The installation interface of Jimm_setup

The text translates as “After you click ‘install’ to begin the installation procedure, during which two SMS will be sent to a toll number.”.

Jimm_setup uses SharedPreferences to record if the paid SMS message has been sent to ensure that such SMS messages won’t be sent twice.

However, it’s hard for Jimm’s old users to accept the fact that they need to pay for the previously free application.

Recently, we searched for Android applications that auto-send SMS messages in order to find malware, and interestingly not all of them are malware. Here are some examples of the way applications are harnessing SMS messages and auto-sending SMS messages for 'legitimate' purposes.

Oops! I’m in my bikini. Look

This is freeware on Google Market to edit and share photos in social network sites.

When first executed, users need to register their personal information. Otherwise, they can’t enter the main menu. 

While entering the main menu, the application will send SMS messages that are advertisements to the phone itself. If users press the Back button or re-execute the program, same SMS messages will be sent again. This will cause repetitious SMS messages, which will inconvenience users.

However, besides troubles, there is also convenience. For example, when you travel in Zagreb by tram but forget to buy ticket, ZET Panic might be something you need.

ZET Panic

ZET is the abbreviation of Zagreb Tram System. ZET Panic is a customized ticketing application. Once executed, it will send “Zg” to 8585, and then the tourist will receive an SMS reply, which is actually an e-ticket. But in order to enjoy the service, the tourist must be in Croatia.



During our test, we found ZET Panic would alert users that it’s going to send out SMSmessages. If users don’t reply within 4.1 seconds, the SMSmessagesaresent automatically. This step might be improved by adding a “send” button so that users could control whether to send the SMS or not.

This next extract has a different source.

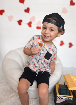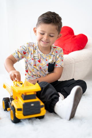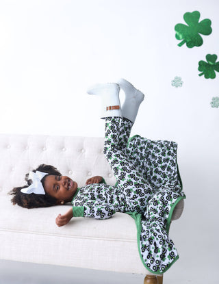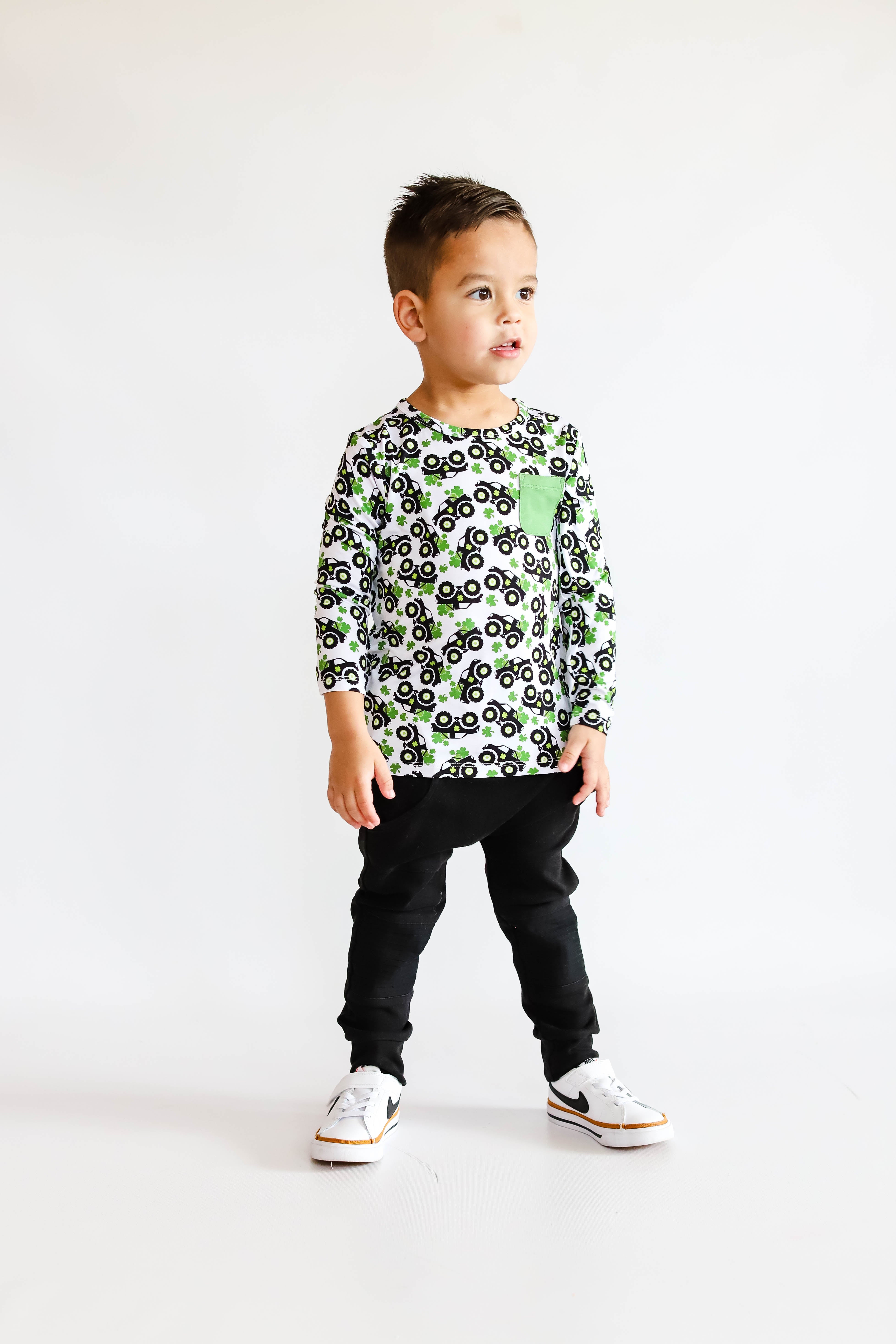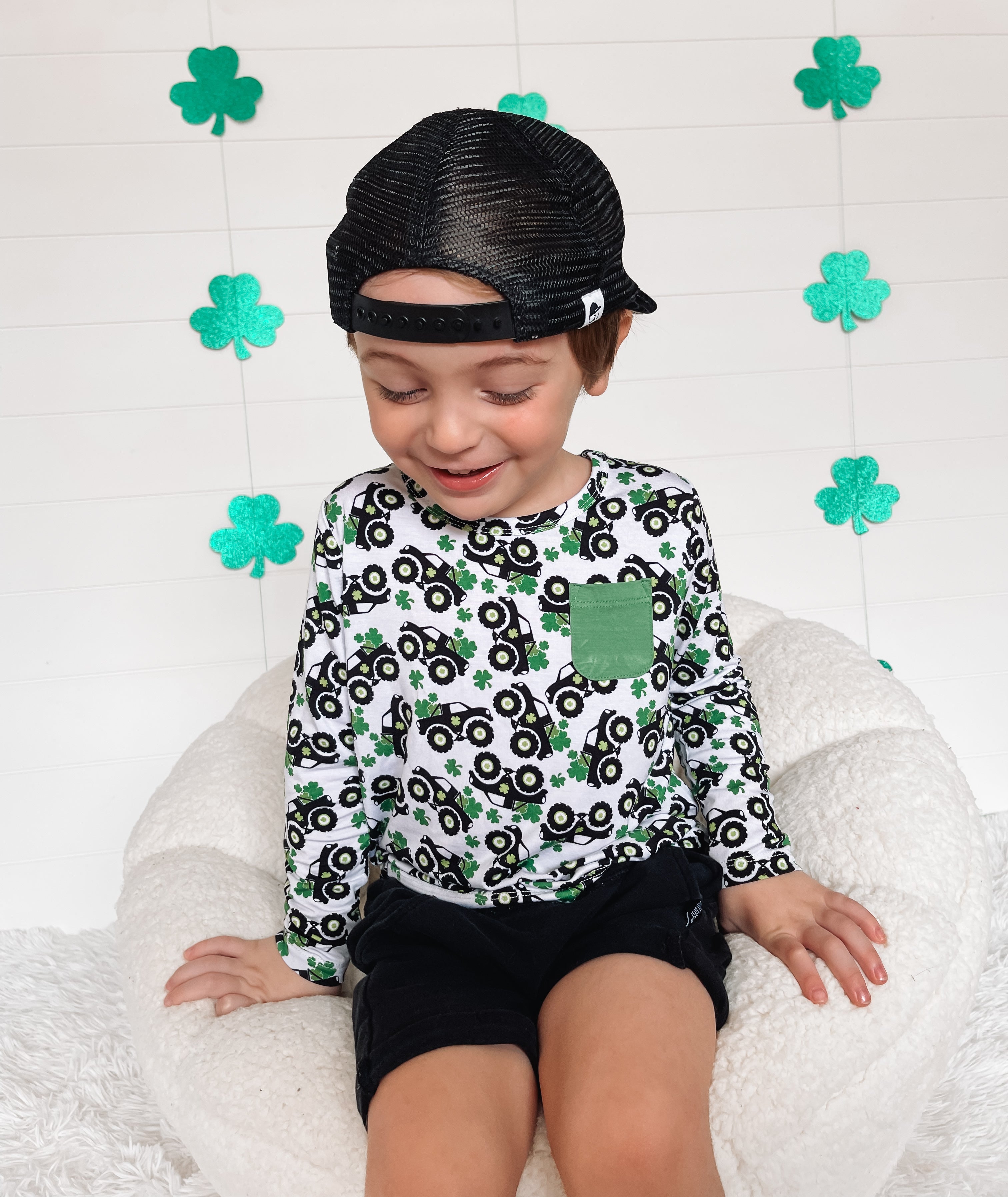 Get lucky with our Loads of Luck Dream Pocket Tee. This long sleeve tee features a playful St Patrick's design with shamrocks and trucks. Made from bamboo material, it's soft and comfortable for all day wear. Feel the luck in every step!

The text translates as “This Application makes use of Mprijevoz Ticket service: 10kn + SMS. The ticket is valid 90 minutes in all directions.” and “Cancel”.

The text translates as “Request sent” and “OK”.


Android.Nickispy —a backdoor mobile threat that appeared recently—will send the IMEI of the compromised device to a specific mobile number every time the phone is restarted.

In general, the openness of Android platform brings us both advantages and disadvantages. While we enjoy the convenience, we need to be aware of the mobile security issues. Apart from installing trustworthy mobile security software on the phone and downloading applications from official channels, users also need to be extra vigilant to avoid unnecessary problems or even monetary loss. Once you find any applications suspicious, please uninstall it immediately. Meanwhile, Symantec and Android service providers monitor the Android threats closely and take action fast when threats are detected.